Olney: Blue Jays need Francis to improve with lack of starters on trade market
Fresh off the heels of their 20th comeback win of the season on Monday night, the Toronto Blue Jays have climbed to a season-best six games over .500 as they continue to ride their hottest stretch of the year to date.
Toronto’s offensive production has come from almost every part of their lineup over the past few weeks, with names as Addison Barger, Alejandro Kirk, George Springer, Ernie Clement, and after Monday’s heroics, even Jonatan Clase playing significant roles.
The offence has overcome a sluggish start to the season and has now scored at least five runs in eight of their past 11 games, posting a plus-26 run differential across that span.
Paired with the team’s MLB-leading 100 extra-base hits and .313 average with runners in scoring position over the past month, and it’s easy to see how the Blue Jays have been able to start winning games on a consistent basis.
However, some questions regarding the roster as it's currently constructed do still remain, especially in the starting rotation.
Bowden Francis has largely been unable to recapture the magic from the second half of last season, pitching to a 6.12 earned run average while surrendering 19 home runs, the highest mark in the big leagues.
Since the calendar turned over to June, Francis has now failed to pitch into the fourth inning in back-to-back starts, with the team’s only losses this month coming in games that the right-hander has taken the mound.
The uncertainty surrounding Max Scherzer’s return from a thumb injury, combined with a lack of pitching depth in the upper levels of the minor leagues, makes for a tough fix at this point in the season.
"The fact that they’re willing to live with Francis’ struggles tells you everything about where they are,” said ESPN’s Buster Olney on TSN1050’s First Up Tuesday morning.
“In most circumstances, you might have a situation where you could send a guy to the minor leagues.

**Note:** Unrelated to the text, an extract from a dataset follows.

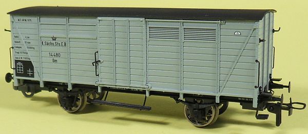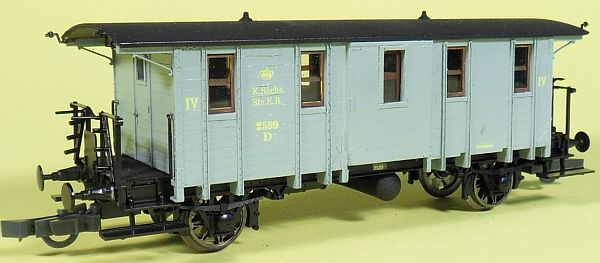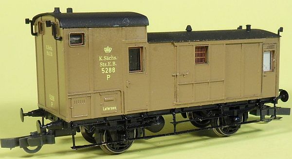 Fahrzeugtyp: Packwagen Fahrzeugnummer: 5288 Bahnverwaltung: K.Sächs.Sts.E.B. Epoche: I Länge über Puffer: 96 mm Hersteller: ehemals Sachsenmodelle Artikelnummer: ehemals 14204 Zusatz: Umbau aus Originalfahrzeug siehe hier. Größe: Nenngröße H0, Maßstab 1:87, Spurweite 16,5 mm 21.03.2015 |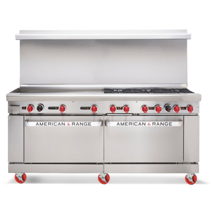 The American Range AR-48G-4B-CL-SBR_LP Restaurant Range Gas 72" is a commercial-grade cooking appliance designed for high-efficiency restaurant kitchens. This 72-inch gas range features a stainless steel front and sides for durability and ease of cleaning. Its top includes four 32,000 BTU open burners and a 48-inch-specific flat griddle with a 1-inch thick plate, optimized for versatile cooking tasks. The unit incorporates a 26-1/2-inch convection oven on the left side, equipped with two racks, and a 26-1/2-inch storage base on the right, making it suitable for mid-volume foodservice operations. Engineered for performance, it delivers 238,000 BTU total power and 70.0 kW of heating capacity, meeting demanding kitchen workflows with precise manual controls. Constructed in the USA, this range is built to withstand rigorous daily use in professional environments, combining heavy-duty stainless steel construction with high-performance burners and a convection oven for comprehensive cooking solutions.

He could figure it out and then come back…but instead, what you heard from John Schneider the other day was, ‘We need him, he’s got to figure it out.”
“A different pitch mix, adjustments on command, whatever it is,” he said. “They need him.”
Francis is tentatively scheduled for his next start against the Philadelphia Phillies on Saturday, but the leash on the 29-year-old will continue to tighten as the Blue Jays look to avoid falling out of the mix in a competitive American League wild card picture.
Olney also shared that any potential solution to the lack of major-league pitching options on the roster will likely not come via trade.
“We are, I think, conditioned through the years to looking at those mid-season trades, going back to the days of the Jays trading for David Cone down the stretch, as being difference-making,” he said.
“What the feedback I’m getting right now from executives is they don’t think it’s going to be an especially active time at the trade deadline. They don’t think there’s going to be a lot of action, they don’t think there’s going to be difference-making players that are on the move.
"But in terms of volume, a GM said to me last night that it’s going to be a dud because a lot of the teams we look at as sellers, [Colorado] Rockies, [Chicago] White Sox, [Miami] Marlins, in the mind of this general manager, he’s like, ‘They don’t have crap to sell’. There are not a lot of good players that they’re willing to market right now so the early reviews on what we’re going to see in the trade market are pretty lukewarm.”
The Blue Jays will look to make it five series wins in a row as they take on the St. Louis Cardinals on Tuesday night in the second contest of the three-game set.